I firmly agree. VET FIRST then do everything to touch her (keeping a treat pouch on your waistband all day long. I would not allow her to treat me disrespectfully.


----------



## melissajean (Mar 12, 2010)

thanks guuys. She was just at the vets yesterday, got everything checked out. she just turned 12 weeks last Sunday. Its usually when she dosent want you to do something, like if she is playfull and whatnot, and we go to pick her up. one day she didnt want me petting her tummy :wacko: She is toy Poodle. (Up to 4 lbs lol) We put a bath mat on the washing machine when we groom her. We shaved her feet, cut her hair down a bit cause it was catching on bushes when we go out to the woods, and she did great. was afraid at first, then just settled down and laid there (Im sure all the treats helped lol) Im trying to enforce the Im the alpha. I make her wait for her food, sit, lay down, or come for treats, go through door ways first. she is just one stubborn buger lol


----------



## JE-UK (Mar 10, 2010)

*Stroppy pups*

My male miniature went through a similar stage, about 16 weeks, where he just decided that he would set the rules for where he was touched, when picked up,etc. I did not agree ;-). 

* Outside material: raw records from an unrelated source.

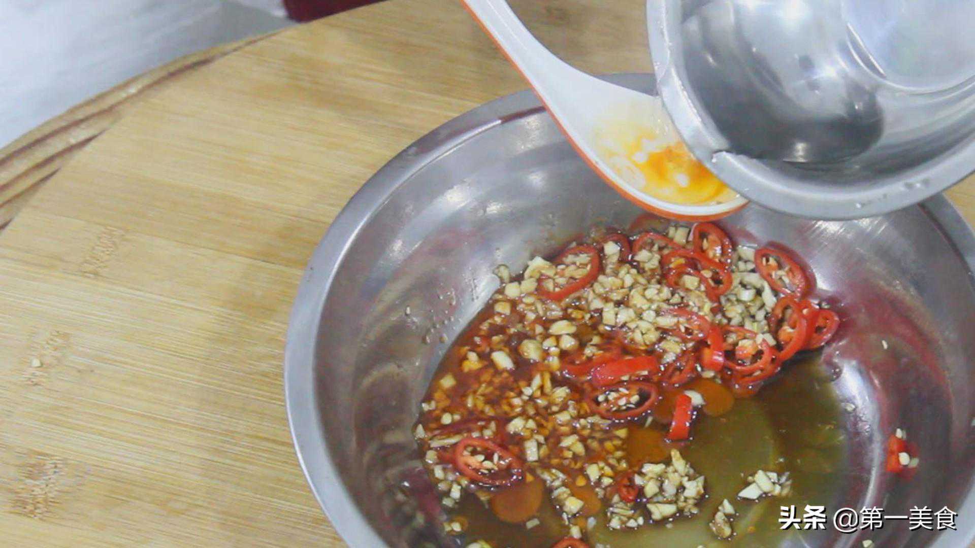 碗中放入食盐、白糖、陈醋、生抽、红油,搅拌均匀,再加入少量开水,搅拌化开调料。
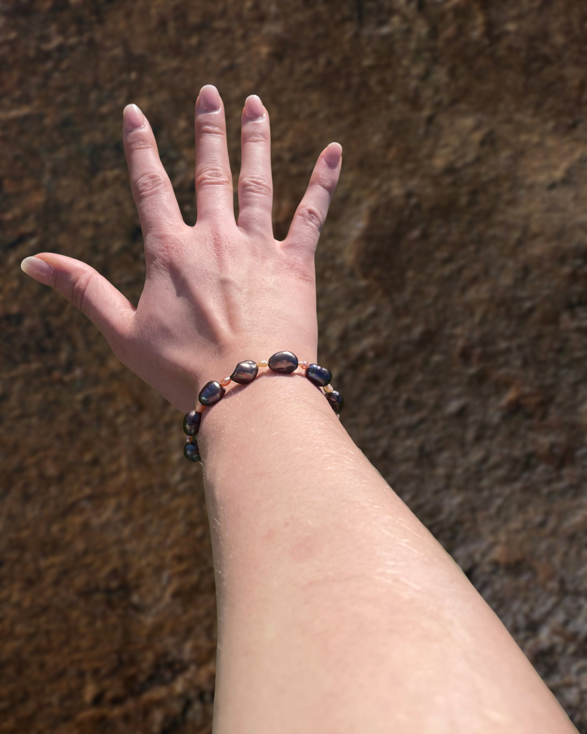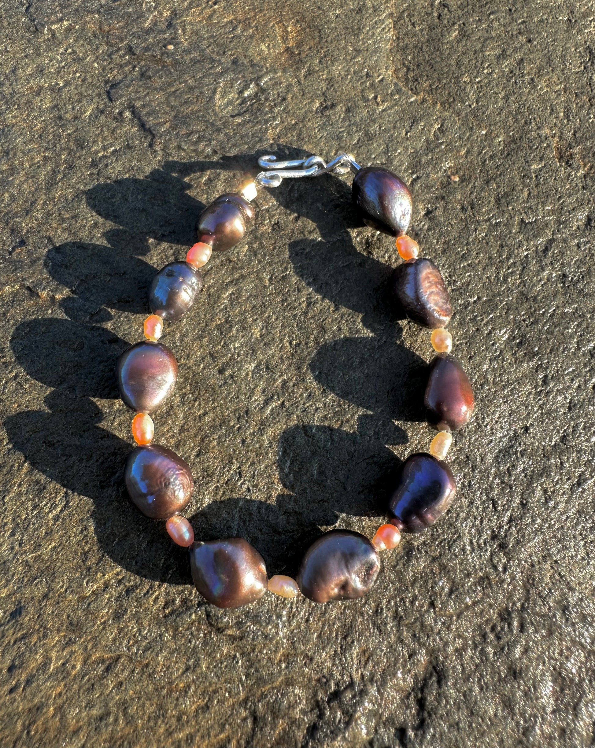 JIM · pulsera elaborada con grandes perlas de agua dulce de tonos oscuros que, según la luz, revelan matices marrones y azulados. El diseño se completa con pequeñas perlas de agua dulce en tono rosado, que aportan un contraste suave y una calidez equilibrada a la pieza.
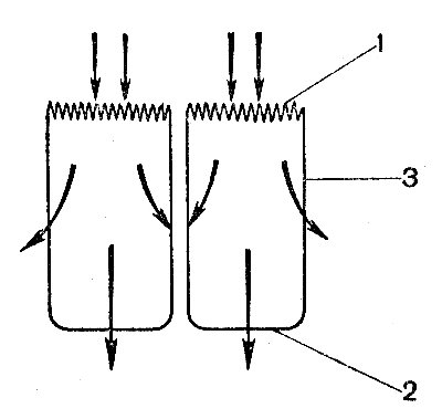 Рис. 18. Потоки сахара в эпителиальных клетках кишечника через мембраны: 1 — апикальную; 2 — базальную; 3 — латеральную.

We did (and still do) lots and lots of work (with happy voice and treats) on touching anywhere I want, handling paws, picking up, etc. Any grumbling on his part gets him a) firm 'no' and b) more of whatever he was objecting to. He's fine now, but helps that we are just getting out of the muddiest winter ever, where he was getting his feet/tummy cleaned three times a day.


----------



## melissajean (Mar 12, 2010)

Thanks. im trying to do something simuler. if she growls we tell her no, and then keep doing that untill she stops growling and when not, then we stop and she gets a treat. she is getting sorta better lolShe still has her moments.
I wanted to get a pic of Kira playing in the mud, but it was the one time when she didnt go crazy for mud lol


----------